▸ **SOURCE DATA**:
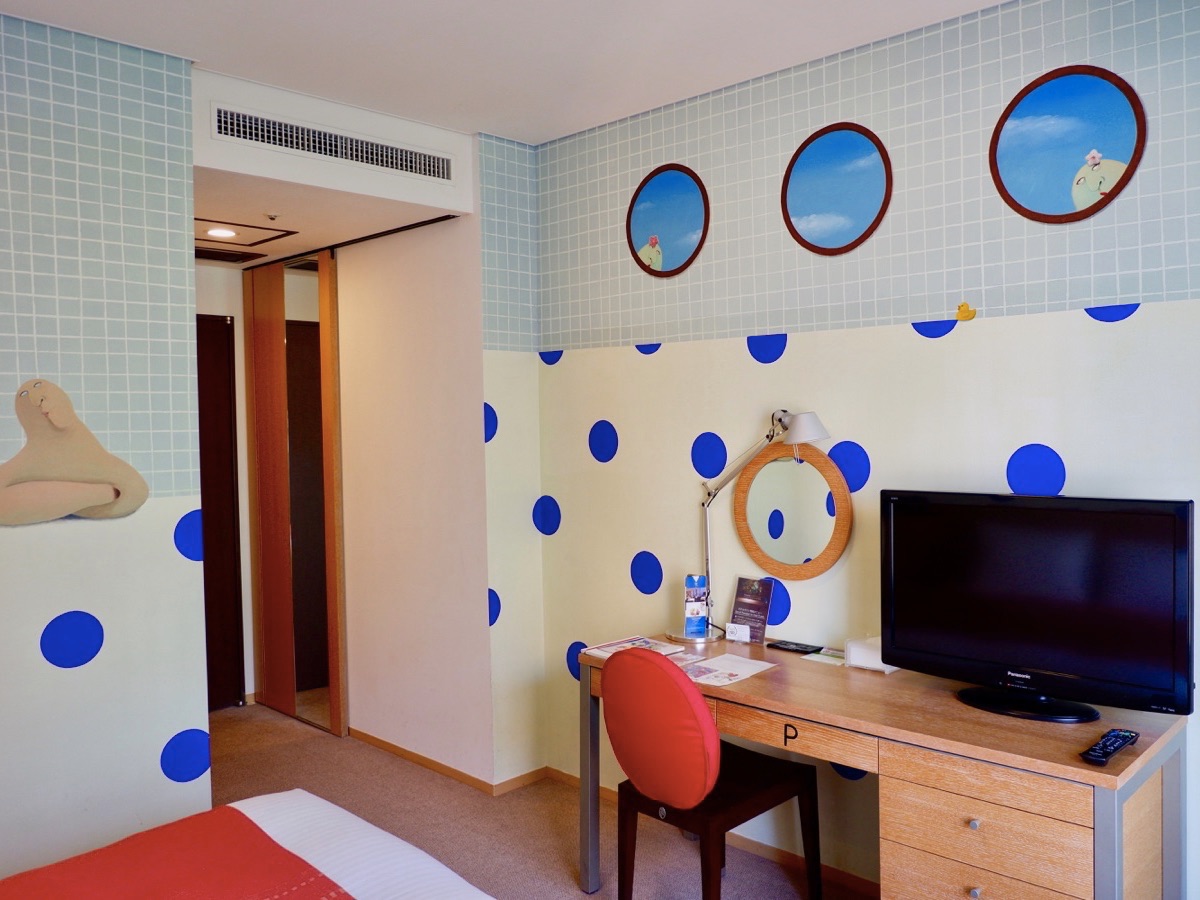 ベッドの反対側はブルーのドットが描かれており、ポップな雰囲気。天井近くには丸窓があり、また別のかわいい「PONI」がこちらを覗いています。
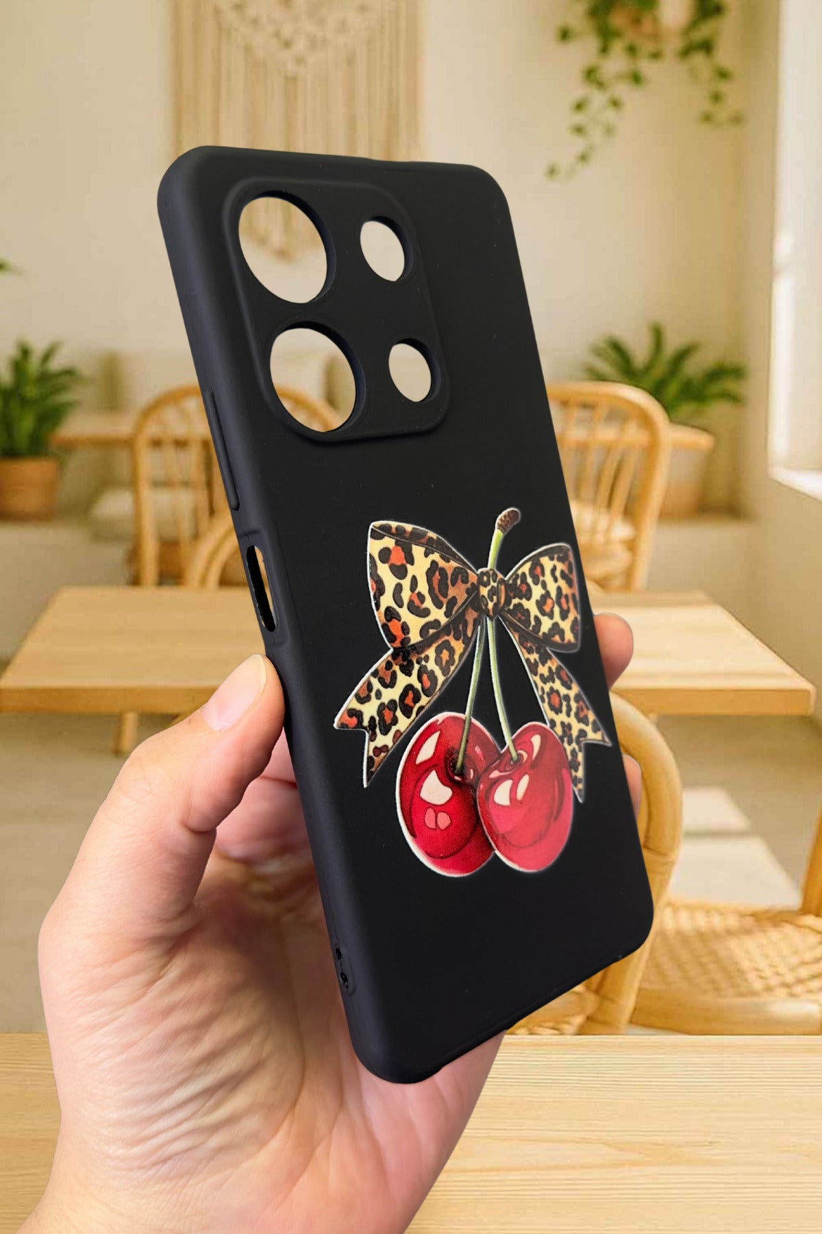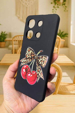 İNFİNİX NOTE 30 Uyumlu Kiraz Leopar Fiyonk Desenli Silikon Darbe Emici Rubber Kılıf
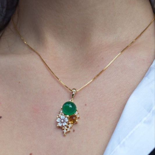 Ciondolo in Argento 925 dorato con Cammeo a fiore, Giada e Topazio giallo, Modello Vanity
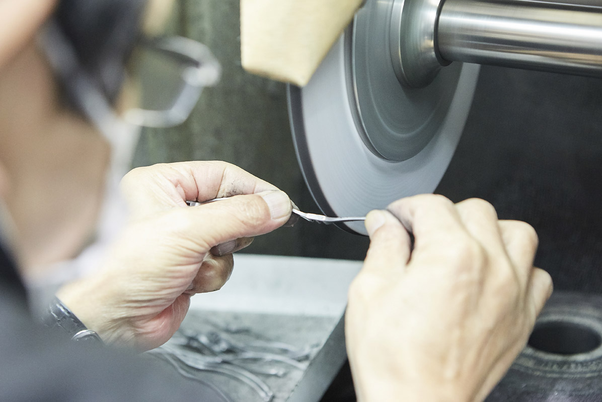 手作業で行うバフ研磨。最終的な仕上げには、今も職人の手に伝わる伝統的な技術が使われています。

▸ **WHAT YOU WILL DO**: Where the line containing "İNFİNİX NOTE 30" appears in the data above, begin there and output every line through the last, exactly and without pictures.

▸ **EXPECTED ANSWER**:
 İNFİNİX NOTE 30 Uyumlu Kiraz Leopar Fiyonk Desenli Silikon Darbe Emici Rubber Kılıf
 Ciondolo in Argento 925 dorato con Cammeo a fiore, Giada e Topazio giallo, Modello Vanity
 手作業で行うバフ研磨。最終的な仕上げには、今も職人の手に伝わる伝統的な技術が使われています。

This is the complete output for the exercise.